Market Exchange: Ines Garcia

By Brian Rojas

For this series, we are highlighting local Santa Monica artisans that are part of the Market Exchange project, initiated and facilitated by the artists Cog•nate Collective. Market Exchange is a collaboration between Santa Monica artisans and Cog•nate Collective that creates platforms for empowerment by establishing alternative economic forms of self-determination for local crafts people and small businesses. This collaboration is dedicated to honoring the richness of artisan production in Santa Monica towards developing a community-envisioned and community-directed marketplace that will amplify the works of local artisans and artists, while providing sustainable economic opportunities. You can learn more and purchase artisanal products at marketexchange.18thstreet.org. In this post, we highlight artist Ines Garcia.

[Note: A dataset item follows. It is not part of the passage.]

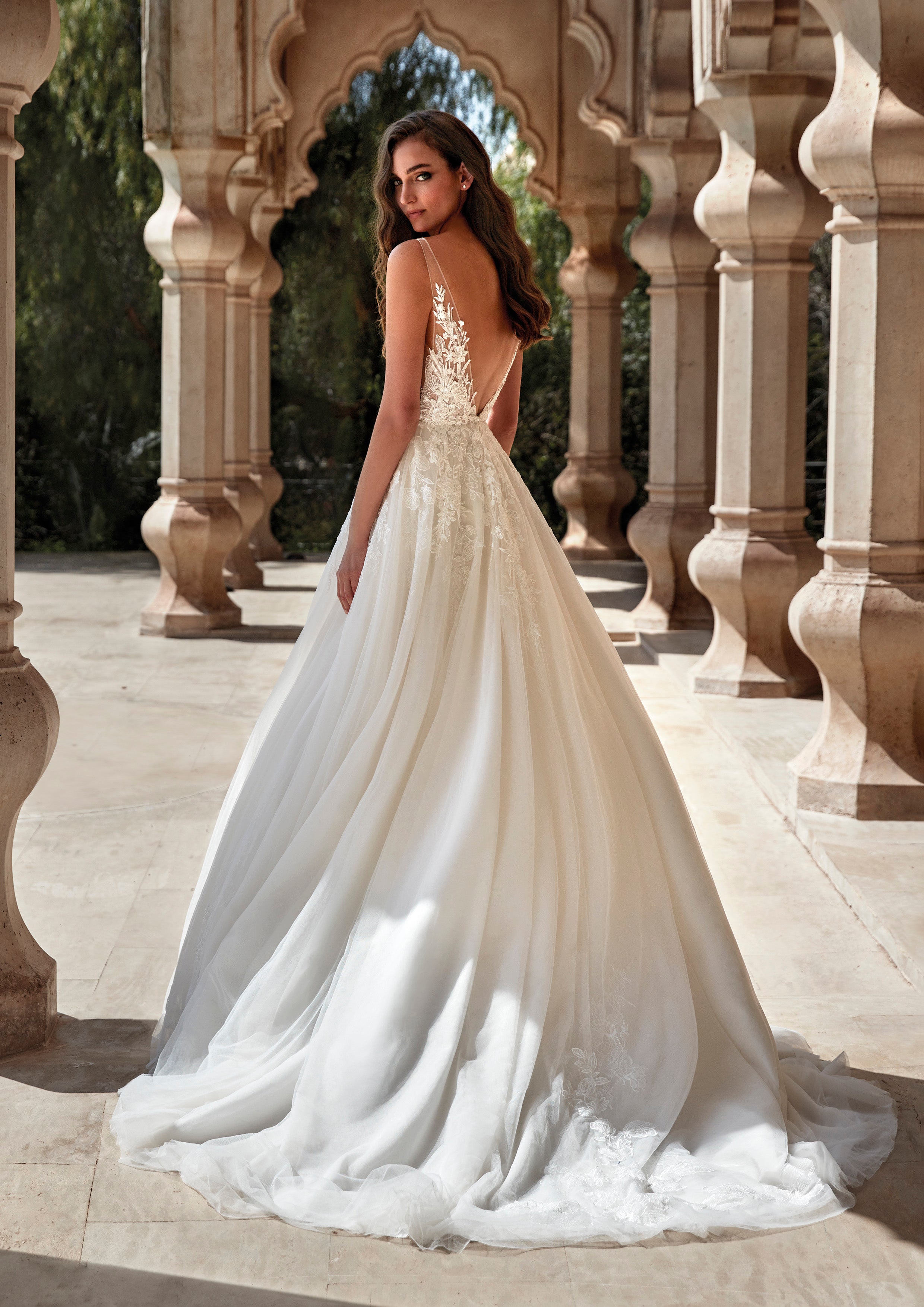 This enchanting A-line wedding dress features a V-neckline and delicate lace appliqués, exuding timeless elegance. The flowing tulle skirt adds a touch of ethereal beauty, while the open back enhances its romantic allure. Ideal for brides seeking a harmonious blend of classic sophistication and modern grace.

Ines Garcia was born in Oaxaca, Mexico, and moved to the United States in 1985, settling in Santa Monica. Ines has been dedicated for a few years now selling earrings, keychains, necklaces, bracelets, telar bags, scarves, and cotton blouses. They’re all made by hand by artisans in Oaxaca Mexico. The artisans are indigenous people and they make their products without any formal education, only from thought and skill from techniques passed down through generations. This is their tradition.

Works by Ines Garcia. Photo by Geoff Palomino.
Works by Ines Garcia. Photo by Geoff Palomino.

 Ines started promoting a lot of these products because she realized that a lot of people in Santa Monica don’t know much about Oaxaca culture. She explains the artisanal technique of creating the color comes from a bug that lives on cactuses, (called the grana cochinilla), obtaining a red dye (carmesí). When mixed with lemon juice it creates shades of red, and when combined with alkaline it changes to purple, gray, black, orange, violet and many other tones. These colors are used to stain wood and paint them in different designs, as well as dye textiles and cotton threads for bags (telar), scarves, rugs, and more. Despite the fact that Oaxaca culture is vast and diverse, Ines feels she is only exposing a little portion of it.

Works by Ines Garcia. Photo by Geoff Palomino.
Works by Ines Garcia. Photo by Geoff Palomino.

IN HER OWN WORDS (excerpt from an interview with Ines Garcia)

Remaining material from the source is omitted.